Quelles peuvent être les conséquences de cette nouvelle politique militaire et nucléaire ?

Cette annonce ne peut qu’encourager le camp adverse, Chine – Russie – Iran notamment, à se rapprocher et à se lancer dans une course aux armements, qui ne peut qu’être un gaspillage de ressources ce qui accentuera les problèmes économiques qu’engendrent toujours ces dépenses improductives (déficit budgétaire en hausse, endettement croissant, déplacement des investissements mondiaux de la sphère sociale vers la sphère militaire improductive, grève générale de protestation, etc.)

 

Cette annonce a déjà eu l’effet d’encourager le réarmement des pays européens qui pour certains viennent d’annoncer la croissance de leur budget militaire.

Sans compter que l’Alliance atlantique (OTAN) sera fragilisée suite à cette mise en demeure américaine aux chancelleries européennes qui ne sont plus dans la situation désespérée du Plan Marshall.

L’Union européenne est de facto la première puissance économique et commerciale mondiale.
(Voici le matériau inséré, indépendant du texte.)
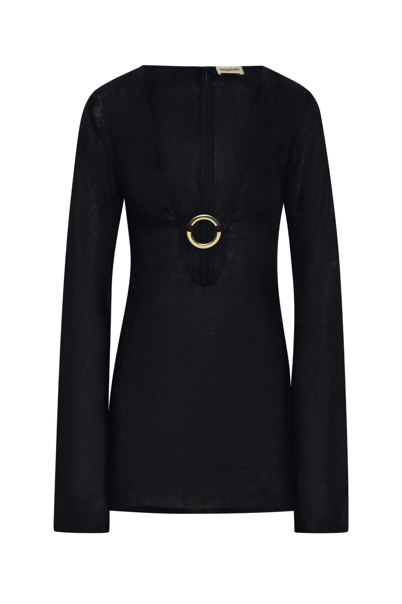 Plunging neckline w/ center front gold ring detail

Elle risque de se le rappeler et de se crisper face à un allié de plus en plus spoliateur (sic).

De nombreux pays déjà nucléarisés, et d’autres pas encore nucléarisés seront poussés à s’équiper d’armes nucléaires de manière à se protéger dans l’éventualité d’un chantage américain à la nucléarisation d’une agression.

Bref, comme nous le disons depuis un certain temps, par cette politique le monde se rapproche dangereusement d’une troisième guerre mondiale – en dépit des plumitifs pacifistes utopistes .

 

Les États-Unis peuvent-ils atteindre leurs objectifs stratégiques par cette nouvelle politique militaire et nucléaire ?

Aucunement. Cette politique de menace nucléaire est la suite logique de la politique de menace militaire que les États-Unis appliquent depuis la naissance de cette puissance au XVIIIe siècle.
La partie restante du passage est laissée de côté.